1-B Long-term partial incapacity; date of injury on or after January 1, 2013.   While the employee's demonstrated earning capacity after the exhaustion of benefits under subsection 1, paragraph B is 70% or less than the employee's earnings at the time of injury and the employee is working within the employee's documented capacity, the employer shall pay 2/3 of the difference between the employee's average weekly wage at the time of injury and the employee's postinjury wage, but not more than the maximum benefit under section 211. Compensation under this subsection must be paid at a fixed rate and is reviewable no more frequently than every 2 years.

While the employee is claiming or receiving extended partial incapacity benefits under this subsection, the employee shall complete and provide quarterly employment status reports and provide copies of current tax returns as early as practicable after the return is filed.

Sec. 2. 39-A MRSA §214, sub-§1, ¶F  is enacted to read:

F If the employee is not working and has performed a work search sufficient for the receipt of unemployment benefits as required by the Department of Labor, a rebuttable presumption is created that the employee is entitled to receive a weekly compensation amount equal to the amount permitted for total incapacity under section 212. This presumption may be rebutted only by a showing that the employee has received a bona fide offer of reasonable employment and refused that offer without good and reasonable cause.

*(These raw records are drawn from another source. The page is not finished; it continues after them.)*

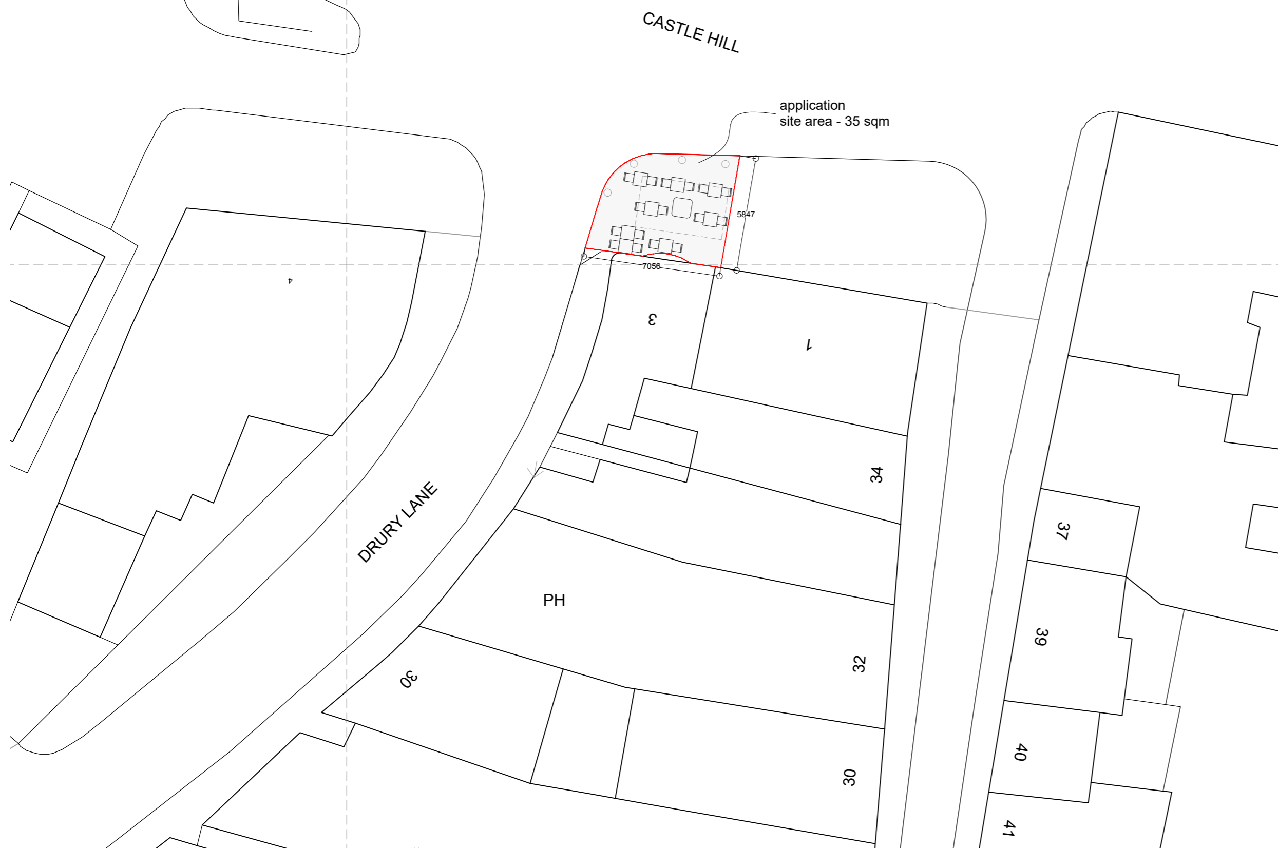
Proposed Site Layout Plan (1:200)
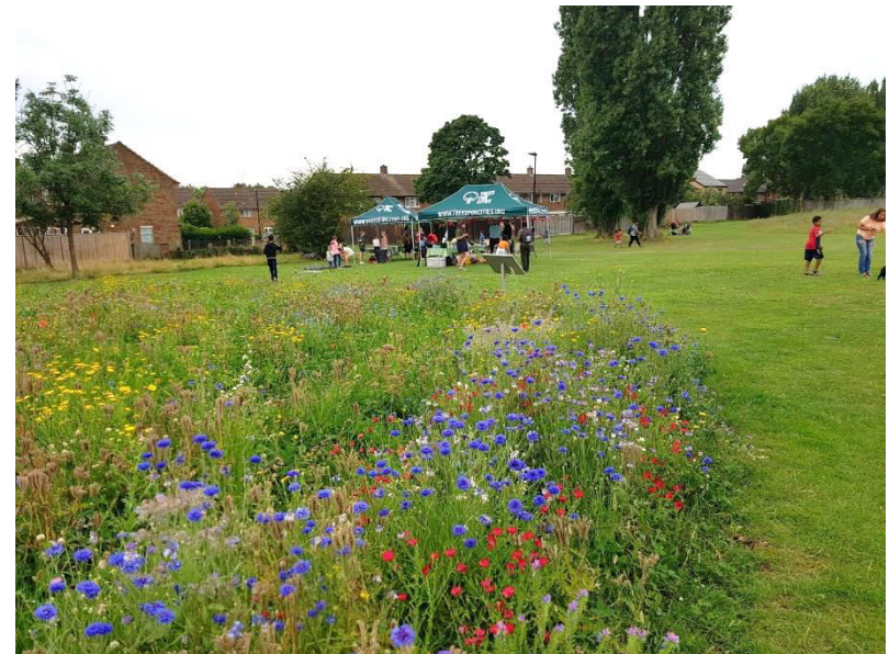
2023 - Wildflowers and Community Celebration
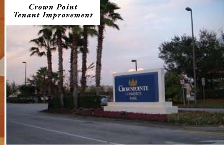
Crown Point Tenant Improvement
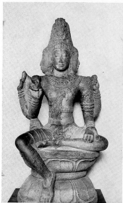
BRAHMA IMAGE INDIA, X-XI CENTURY
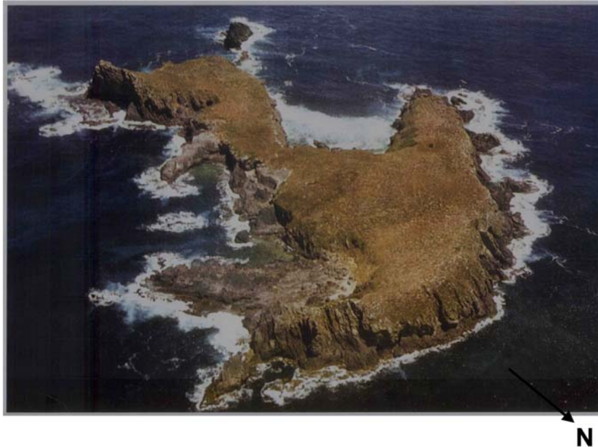
Figure 3. Nepean Island topography

The original vegetation of the island has now been reduced to a low-lying cover consisting mainly of grasses and coastal herbs that are tolerant to the exposed windy conditions. Various weeds such as Poison Weed have occurred on the Island (Green 1973) and this may be one possible etymology of the toponym Poison Bay . Apart from the natural history of the island, the most notable aspect of human intervention is the convict quarry site on the eastern side of the island (Figure 3). These post holes and steps, though greatly weathered since the abandonment of the quarry during the Second Settlement (1815–1855), are still visible and are still utilised for access to higher ground on Nepean.
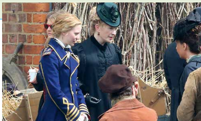
■ Alice in Wonderland: Through the Looking Glass (2016), the sequel to the Tim Barton's Alice.

Sec. 3. 39-A MRSA §217, sub-§8,  as enacted by PL 2011, c. 647, §14, is amended to read:

8. Presumption.  If an employee is participating in a rehabilitation plan voluntarily offered by the employee's employer or ordered pursuant to subsection 2, there is a presumption that work is unavailable to the employee for as long as the employee continues to participate in employment rehabilitation.’

SUMMARY

This amendment is the majority report of the Joint Standing Committee on Labor, Commerce, Research and Economic Development. Current eligibility requirements under the Maine Workers' Compensation Act of 1992 for long-term partial incapacity benefits require at least an 18% permanent impairment, a weekly wage of 65% or less of the preinjury weekly wage and that the employee have earnings for at least 12 of the prior 24 months. This amendment replaces those eligibility requirements with requirements that the employee have a demonstrated earning capacity of 70% or less than the employee's earnings at the time of injury and the employee is working within the employee's documented capacity. The amendment adds that compensation is to be made at a fixed rate and reviewable no more frequently than every 2 years. Additionally, the amendment creates a rebuttable presumption that an injured worker with partial incapacity is eligible for benefits in the weekly amount permitted for total incapacity benefits as long as that injured worker has performed a work search sufficient to qualify for unemployment benefits through the Department of Labor.

The amendment also provides that rehabilitation plans voluntarily offered by the injured worker's employer qualify the injured worker for the same presumption that work is unavailable that is currently afforded to participants in Workers' Compensation Board rehabilitation plans.